_INFORMATION SUPPLIED_.

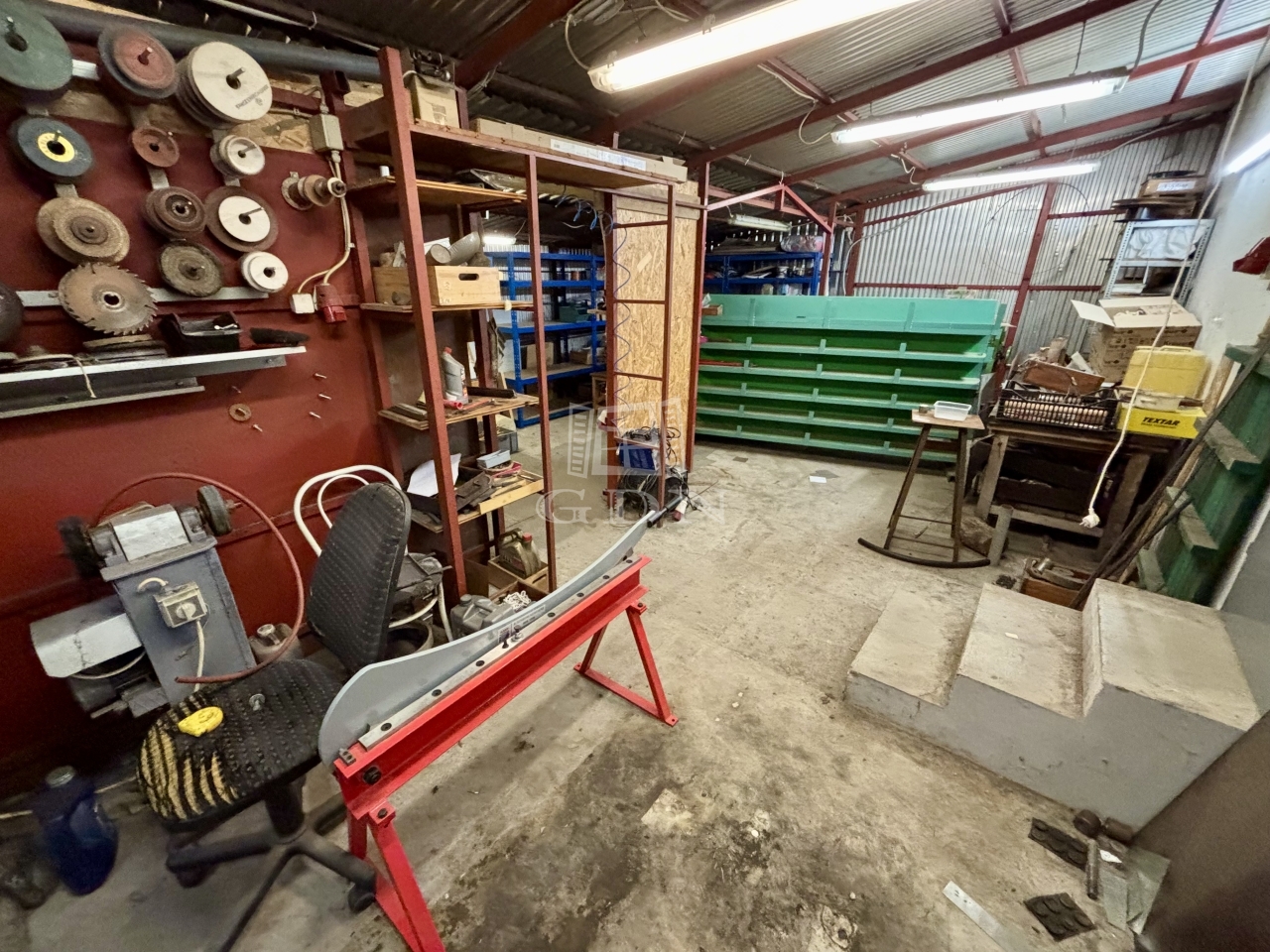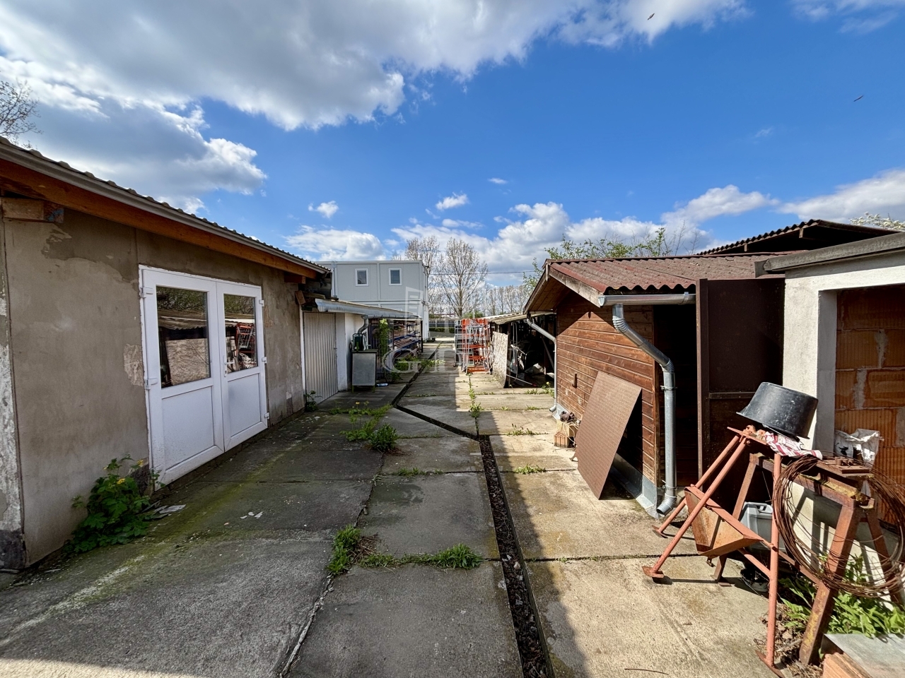A területen több fedett tároló, valamint egy szerelőaknás garázs is található. A parkolás több jármű számára is kényelmesen megoldott a telken belül.
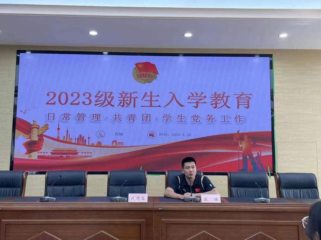 拉斯维加斯5357cc注册首页团总支书记敖楠介绍学生党务工作、学院共青团工作、学生日常管理、奖助贷减补以及军训要求
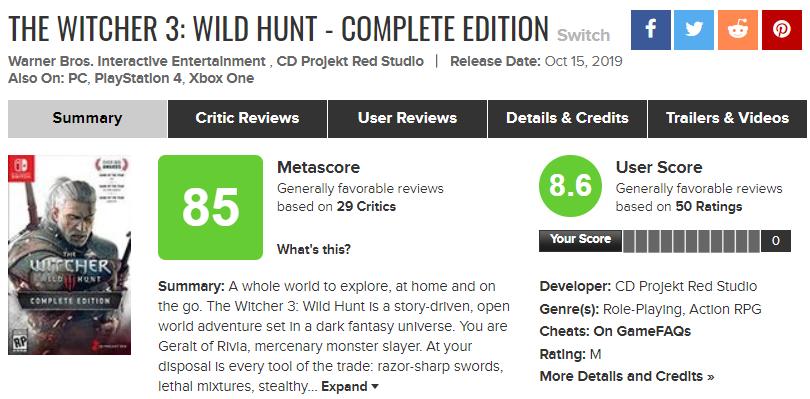 2015年年度最佳游戏《巫师3:狂猎》今天以完全版形式登陆Switch平台,目前MC上29家媒体打出平均分为85,IGN给出8分评价,认为这个版本是一次有野心的尝试,也有许多妥协之处。如果之前没有玩过《巫师3》,还是不推荐这个版本,NS版适合没有强力PC或主机以及想远离电视的玩家游玩。

_TASK TO CARRY OUT_. Repeat the listing above exactly from its first line to the line containing "拉斯维加斯5357cc注册首", both included, and omit the pictures.

_SOLVED PROBLEM_.
A területen több fedett tároló, valamint egy szerelőaknás garázs is található. A parkolás több jármű számára is kényelmesen megoldott a telken belül.
 拉斯维加斯5357cc注册首页团总支书记敖楠介绍学生党务工作、学院共青团工作、学生日常管理、奖助贷减补以及军训要求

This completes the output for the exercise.